▸ Aim of the task
With all pictures omitted, return verbatim the lines from the beginning of the records below through the line containing "LP地区分布:浙江出资最活跃,北京出资规模领先".

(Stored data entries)

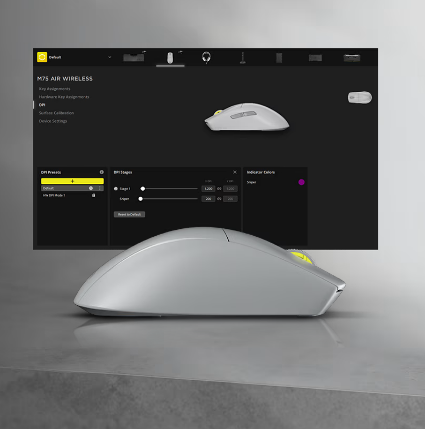 Make the path to victory easy. From defining your DPI presets to optimizing your wireless settings, powerful CORSAIR iCUE software enables you to fine-tune the M75 AIR WIRELESS to your exact specifications and put superior control at your fingertips.
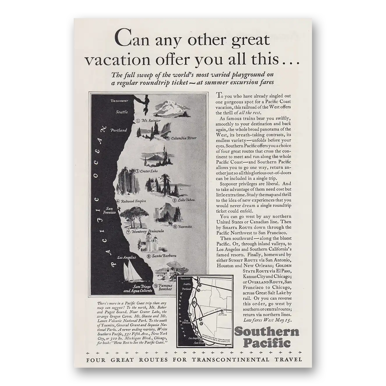 1930 Southern Pacific Print Ad | Vacation Offer
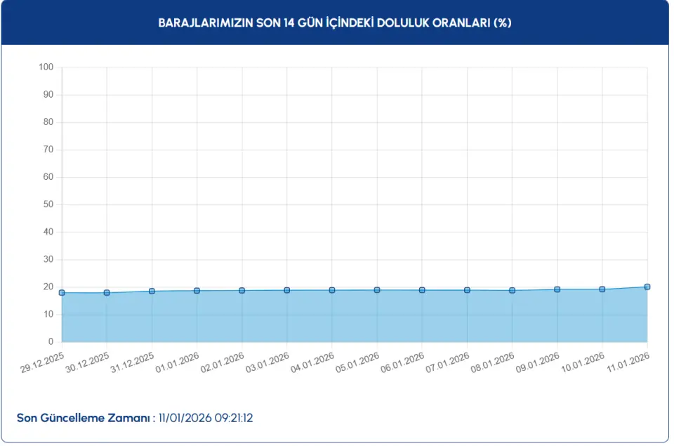 İSKİ tarafından 11.01.2026 tarihinde saat 09.21'de paylaşılan verilere göre, İSKİ ortalama baraj doluluk oranı %20.11
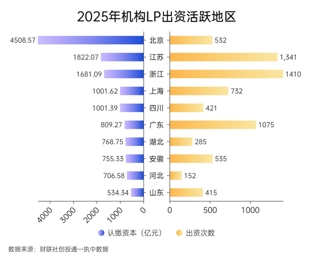 LP地区分布:浙江出资最活跃,北京出资规模领先
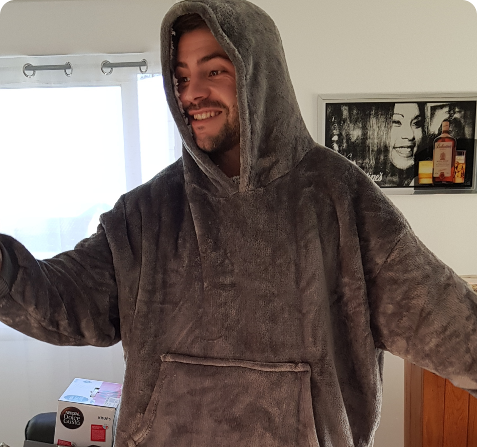 Avec des manches extra-larges, une capuche chaude géante et une poche avant spacieuse, les possibilités sont infinies pour ne plus avoir à bouger du canapé !
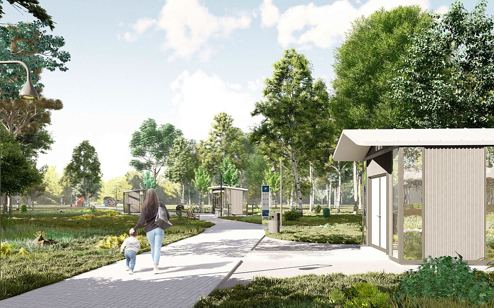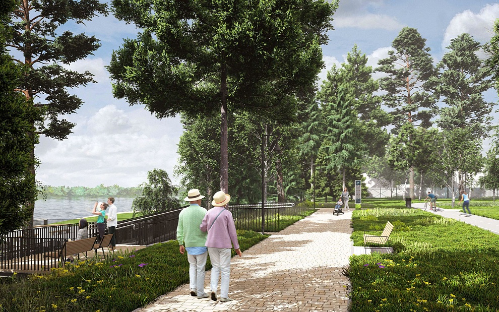 Главным пожеланием жителей было создание в парке кольцевого маршрута. Его протяженность составит 1,2 км. Кроме него на территории оборудуют еще несколько троп для тихих прогулок среди деревьев.
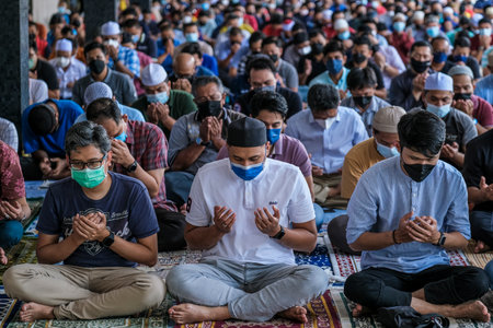 KUALA LUMPUR, MALAYSIA - APRIL 01, 2022: Muslim dua during Friday or Jumaat mass prayers at National Mosque.
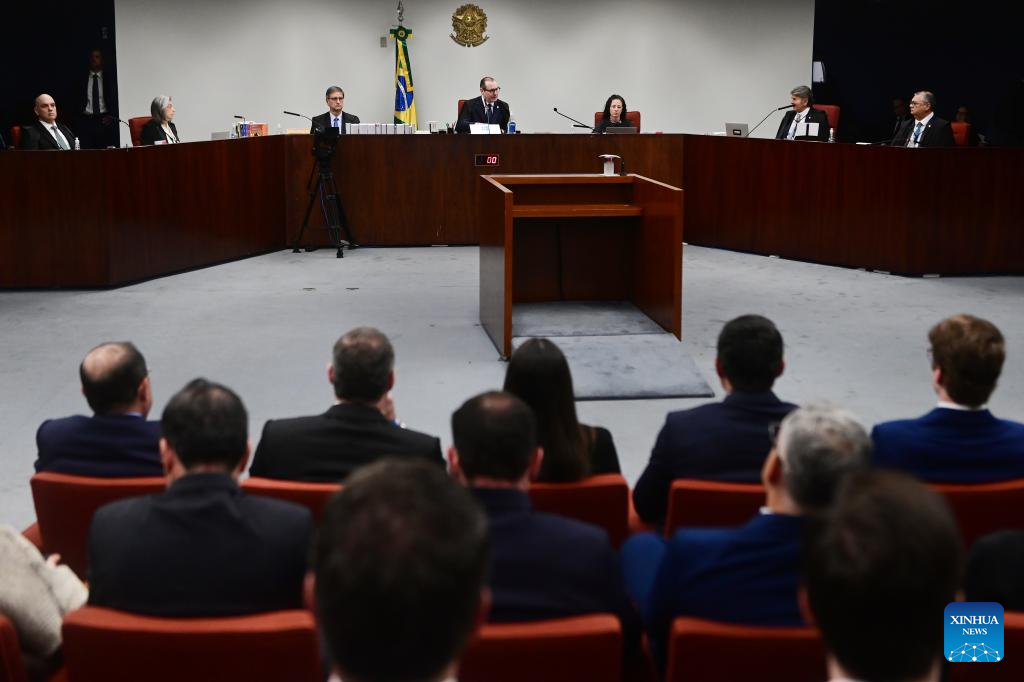 BRASILIA, 2 septiembre, 2025 (Xinhua) -- Imagen del 2 de septiembre de 2025 del juicio al expresidente brasileño Jair Bolsonaro (2019-2022) y a otros siete acusados de participar en la tentativa de golpe de Estado para revertir el resultado de las elecciones de 2022, en Brasilia, Brasil. El presidente de la Primera Sala del Supremo Tribunal Federal de Brasil, Cristiano Zanin, abrió el martes en la ciudad de Brasilia el juicio al expresidente Jair Bolsonaro y a otros siete acusados de participar en la tentativa de golpe de Estado para revertir el resultado de las elecciones de 2022. (Xinhua/Lucio Tavora)
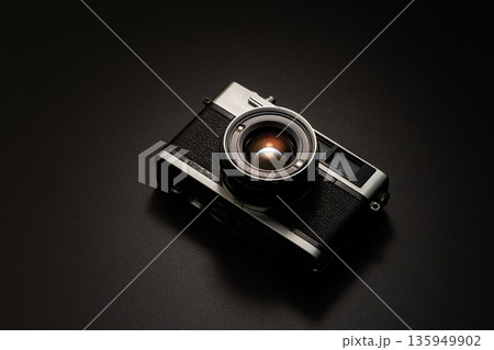 暗い背景にスポットライトが当たった古いフィルムカメラ
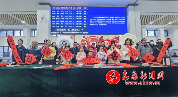 活動另一邊,7名來自安康地區(qū)的鐵路書法家們在候車室內(nèi)揮毫潑墨,一氣呵成,將一副副飽含著美好祝愿的春聯(lián)和一張張洋溢著節(jié)日喜慶的“福”字送到旅客手中,讓旅客的春運旅途充滿濃濃“年味”。
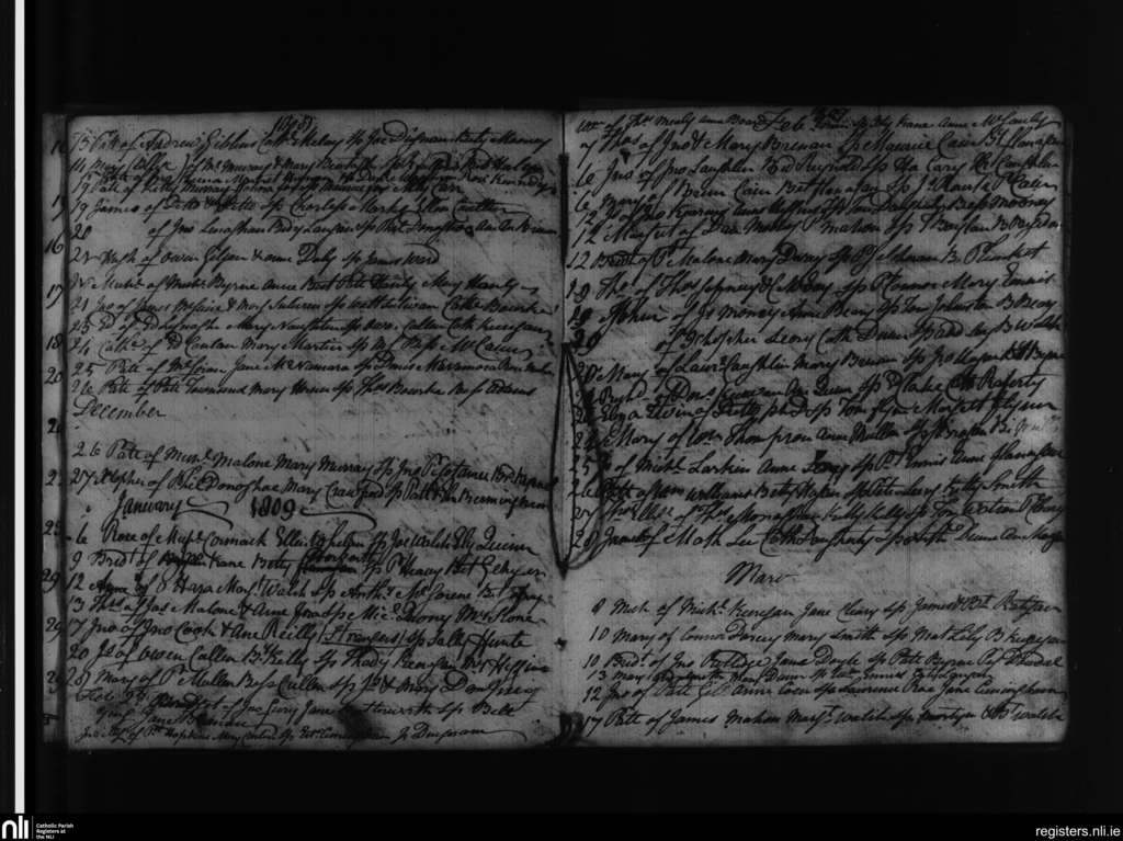 Balyna; County of Kildare; Diocese of Kildare and Leighlin. Baptisms, Nov. 1808 to Mar. 1809

▸ Solution to the problem
 Make the path to victory easy. From defining your DPI presets to optimizing your wireless settings, powerful CORSAIR iCUE software enables you to fine-tune the M75 AIR WIRELESS to your exact specifications and put superior control at your fingertips.
 1930 Southern Pacific Print Ad | Vacation Offer
 İSKİ tarafından 11.01.2026 tarihinde saat 09.21'de paylaşılan verilere göre, İSKİ ortalama baraj doluluk oranı %20.11
 LP地区分布:浙江出资最活跃,北京出资规模领先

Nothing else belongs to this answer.